【ホラー】会ったはずの“近藤さん”を誰も覚えていない!?“怪異“としか呼べない異常事態!カクテルに込められた意味にゾッ…【作者に聞く】

【漫画】本編を読む
「怖かったら一杯無料」を謳い文句に、実話ホラーを語ってくれる客を待つ、スナック店主兼シナリオライターのエミ。霊感ゼロながらも、なぜか彼女の元には続々とコワイ話が集まってくる…。そんな珠玉の「コワイ話」を1話完結で展開していく漫画「丑三つ時、コワい話はこのBarで」。そこにつづられているストーリーは、フジテレビ「ほんとにあった怖い話」や「呪怨 THE LIVE」の脚本家でもあり、本作の原作者・穂科エミ(@hbdg1999)さんが集めた実話がもとになっているというから驚きだ。
■読者に注目してほしいところとは?



漫画「丑三つ時、コワい話はこのBarで」は、原作者である穂科エミさんの実体験や人から聞いた話をもとに描かれている。なかでも第5話「近藤さん」は、説明しきれない恐怖によって読者の想像力を刺激する異色の回となっている。穂科さんはその存在について、「一番ピンとくるのは『怪異』ですかねぇ」と自身の見解を明かす。

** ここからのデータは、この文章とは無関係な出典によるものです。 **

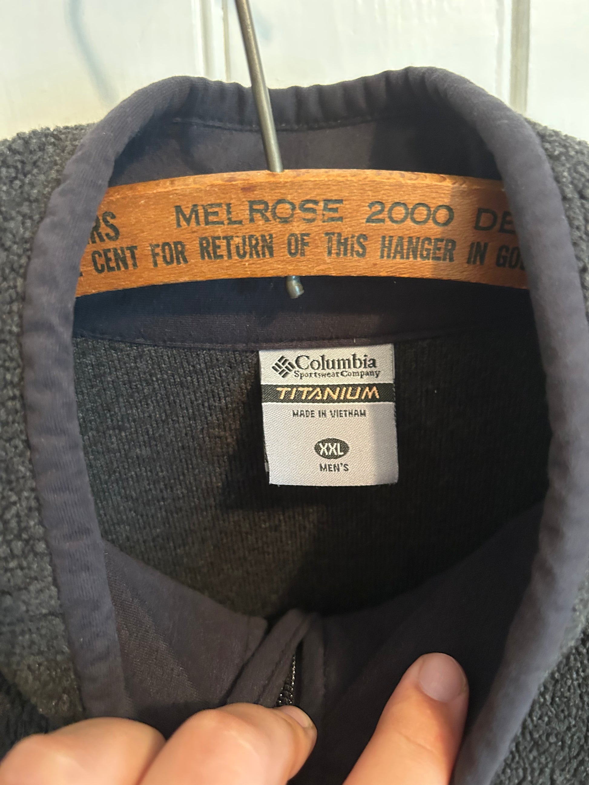 Columbia brand. Fleece zip up sweater. Thumb holes & lots of pockets. Grey in colour. Size men’s Xxl. Brand new condition
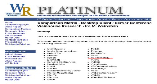 日前,在美國(guó)多媒體視頻和通訊領(lǐng)域權(quán)威市場(chǎng)調(diào)研機(jī)構(gòu)的 Wainhouse Research 最新發(fā)布了的全球軟件視頻會(huì)議廠商的研究報(bào)告,北京威速(V2)科技有限公司作為中國(guó)領(lǐng)先的軟件視頻會(huì)議與解決方案提供商,憑借在軟件視頻會(huì)議領(lǐng)域里始終如一的卓越表現(xiàn),以中國(guó)唯一廠商的身份入主“全球軟件視頻會(huì)議TOP30”榜單。
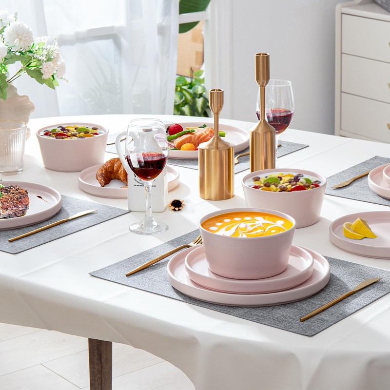 Asrug 12-Piece Plates and Bowls Sets,Ceramic Dinnerware Sets for 4, Chip Resistant and Scratch Dish Set, Dining Dinner Porcelain Dishware, Microwave and Dishwasher Safe,Pink Matte

キールというカクテルに込められた言葉が、物語の余韻を印象づけているが、そのアイデアは穂科さんの発案とのこと。穂科さんは「翌日には顔も声も話した内容も思い出せない。そんな後味と気味の悪さなか、近藤さんから残された言葉が『最高の出会い』だったら、とんでもなくゾワ〜ッするなあと思うんです」と熱く語り、恐怖と美しさが同居する後味を狙ったという。

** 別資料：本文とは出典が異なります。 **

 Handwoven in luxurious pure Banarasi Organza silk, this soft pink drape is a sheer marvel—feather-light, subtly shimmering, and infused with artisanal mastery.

漫画を担当する近原さんは「バーの日常と穏やかな客人との和やかな時間と、禁忌を破ったあとの不穏さの対比」に注目してほしいと話す。これまでのように怖い体験をした訪問客から話を聞く形式ではなく、本作では全員が当事者でありながら全貌が見えない構成を採用したという。近原さんは「『はっきりとしない不可解さ』がじんわりとした怖さに繋がればな…と思って描きました」と本作に込めた意図を明かしてくれた。
さらに近原さんは、自身の体験として「友人とエレベーターに乗ろうとした際、目の前で人が消えた」と語る。そのときは「恐怖よりも笑いが先に出るという不可思議な体験でした」と理解不能な出来事に直面した際の感覚を振り返る。
「本当にこんなことが!?」と思わせる怪異が、読者の日常にもじわりと影を落としていく本作。ぜひホラー好きには読んでもらいたい。